- _INSTRUCTIONS TO FOLLOW_:
Copy the listing below exactly, but skip the pictures.

- _EXERCISE DATA_:
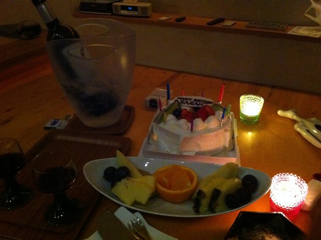 お部屋に戻ると 同伴者へのメッセージ付きのケーキとワイン!そして蟹御殿さんからの花火付きのフルーツ盛り合わせをセッティングしていただいてました。 部屋に備え付けのプレーヤーで音楽も。。ハッピーバースディ!
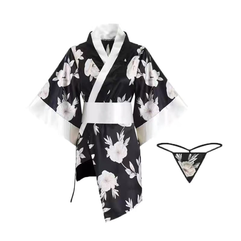■セクシーなガウンを脱げば、そこには大胆な姿! ゴージャスな花柄が美しい、着物風ランジェリー! 艶やかな花魁(おいらん)のような和装コスプレで、しっぽり、しっとりしたいときの特別なイメージプレイに。着物風のガウンを彼女に着せたらアナタはもう、お殿様気分。帯をほどくときに、洋服を脱がせるときの気分とは違って興奮しちゃうかも!
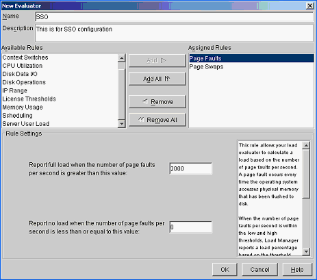 Specify a name for the Load Evaluator, and a description for the new evaluator.
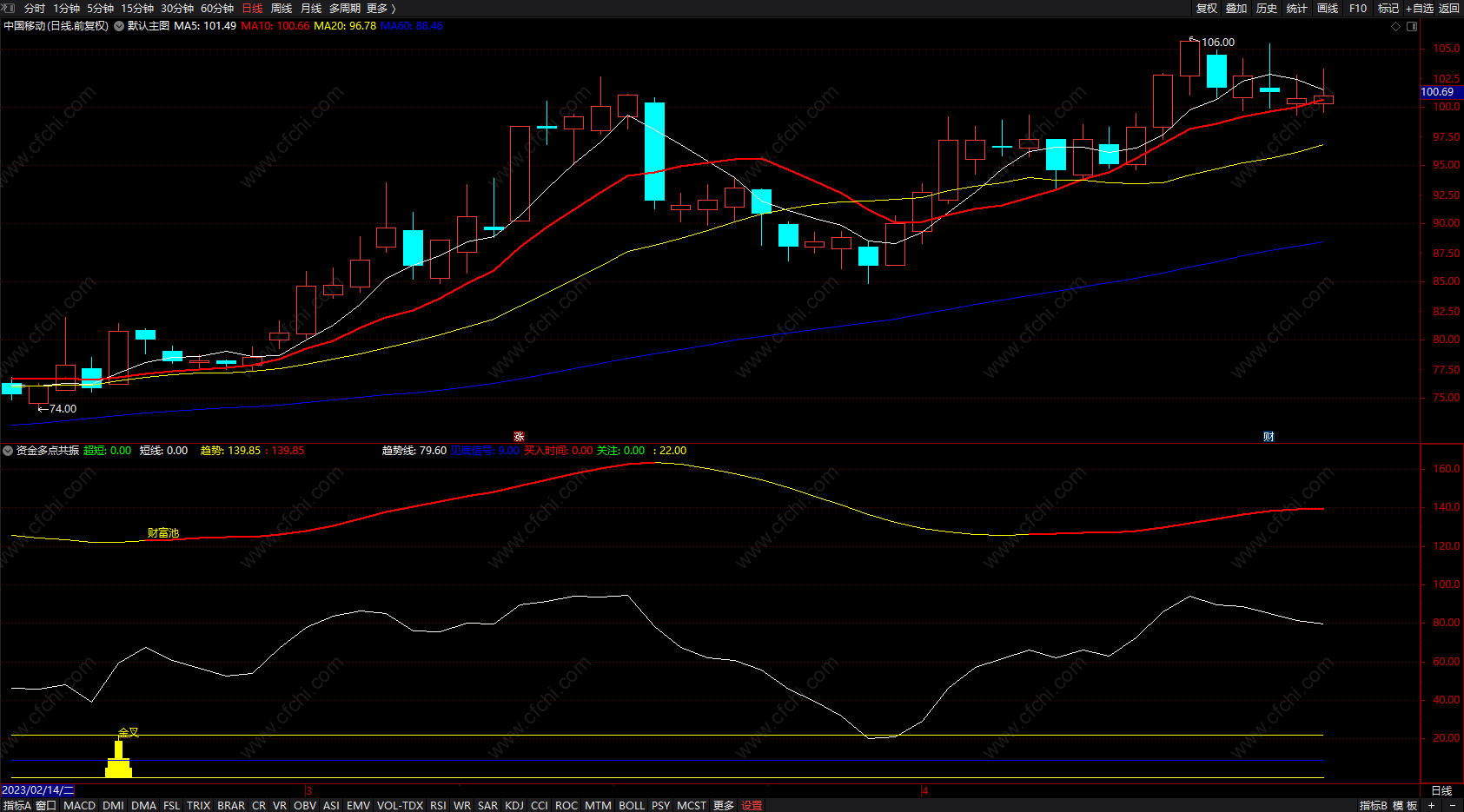 资金多点共振指标公式 通达信金叉买入提示公式 副图 源码

- _RESULT FOR THIS EXERCISE_:
 お部屋に戻ると 同伴者へのメッセージ付きのケーキとワイン!そして蟹御殿さんからの花火付きのフルーツ盛り合わせをセッティングしていただいてました。 部屋に備え付けのプレーヤーで音楽も。。ハッピーバースディ!
■セクシーなガウンを脱げば、そこには大胆な姿! ゴージャスな花柄が美しい、着物風ランジェリー! 艶やかな花魁(おいらん)のような和装コスプレで、しっぽり、しっとりしたいときの特別なイメージプレイに。着物風のガウンを彼女に着せたらアナタはもう、お殿様気分。帯をほどくときに、洋服を脱がせるときの気分とは違って興奮しちゃうかも!
 Specify a name for the Load Evaluator, and a description for the new evaluator.
 资金多点共振指标公式 通达信金叉买入提示公式 副图 源码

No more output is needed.